The Update contained a description of the location of the wreckage and contained preliminary findings that the main and tail rotor assemblies exhibited damage consistent with powered rotation at the time of impact.  The helicopter’s engines were also examined at the wreckage site and showed no evidence of uncontained or catastrophic pre-impact internal failure.  All portions of the wreckage were retained by the NTSB for future evaluation.

The NTSB confirmed that the aircraft departed from the John Wayne-Orange County Airport at 9:06 a.m. under visual flight rules (“VFR”) travelling north-northwest at an altitude of approximately 700-800 feet mean sea level (“msl”).  As the aircraft approached the Burbank Class C airspace at approximately 9:20 a.m. the pilot requested to transition the area along Highway 101.  Burbank weather reported Instrument Flight Rules (“IFR”) in the area and air traffic control advised the pilot that cloud tops were reported at 2,400 feet msl.  In response the pilot requested Special VFR clearance and ATC acknowledged and also advised that the helicopter needed to hold to allow IFR traffic to clear. 

At 9:32 a.m., ATC cleared the helicopter to transition the Burbank Class C airspace by following the I-5 freeway, maintaining Special VFR clearance at or below 2,500 feet.  The pilot then advised ATC that he would follow the I-118 and loop around Van Nuys Airport to follow the I-101.  ATC acknowledged this transmission.

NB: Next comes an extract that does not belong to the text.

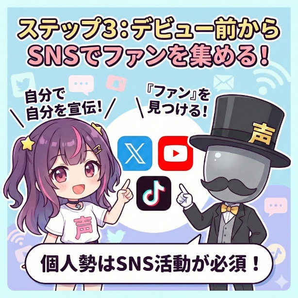 デビュー前からX(旧Twitter)などSNS運用に力を入れ、戦略的にファンを集める必要があります。

At 9:39 a.m. Van Nuys ATC contacted the helicopter and asked if he was still in VFR conditions.  The pilot confirmed that he was, and advised that he was at an altitude of 1,500 feet.  Van Nuys ATC then advised the pilot to contact SoCal (Southern California Terminal Approach Control) for further advisory services.

The pilot contact SoCal and advised that he was proceeding to Camarillo at 1,500 feet.  The SoCal controller advised that he would not be able to maintain radar contact at such a low altitude and he terminated ATC services to the helicopter.  That controller was then relieved by another SoCal controller and at 9:45 a.m. the pilot contacted ATC and advised that he intended on climbing above the clouds and he requested advisory radar services.  Since ATC services were terminated by the prior controller, the second controller was unaware of the aircraft and asked the helicopter to identify itself.  In response the pilot advised that he was climbing to 4,000 feet apparently to climb above the cloud layer.  No further transmissions were received from the helicopter.

Radar data indicates that at this time the aircraft ascended to 2,300 feet msl and began a left turn.  Eight seconds later the aircraft began a rapid descending left turn.  The descent rate was in excess of 4,000 feet per minute indicating a very high rate of descent.  The aircraft then impacted terrain at an approximate ground speed of over 160 knots.

The Investigative Update contained numerous pictures depicting dense fog and low clouds in the area of the crash, as well as cloud tops of 2,400 feet msl.  The update also contained certain witness testimony of what individuals saw and heard in the moments prior to the crash.

The helicopter was manufactured in 1991 with a 12-passenger seat configuration.  The operator purchased the aircraft in 2015 and converted the aircraft to an eight-seat configuration.  The aircraft was not equipped, nor was it required to be equipped, with either a cockpit voice recorder or flight data recorder.  Maintenance records were reviewed and there did not appear to be any pre-impact maintenance anomalies according to the applicable maintenance log. 

Of significance is that the operator, Island Express Helicopters, was certified as a Part 135 air carrier but was only allowed to conduct passenger flights in VFR conditions.  This certainly explains why the pilot requested Special VFR clearance notwithstanding that reported weather indicated IFR conditions.  Weather, piloting issues, the policies and procedures of the operator, air traffic control clearances, as well as the aircraft itself, will all be examined by the NTSB as its investigation continues.

The NTSB advised that it will release additional information as warranted and it is expected that a formal Preliminary Report will be released in the coming weeks.  We will provide additional information as the investigation progresses.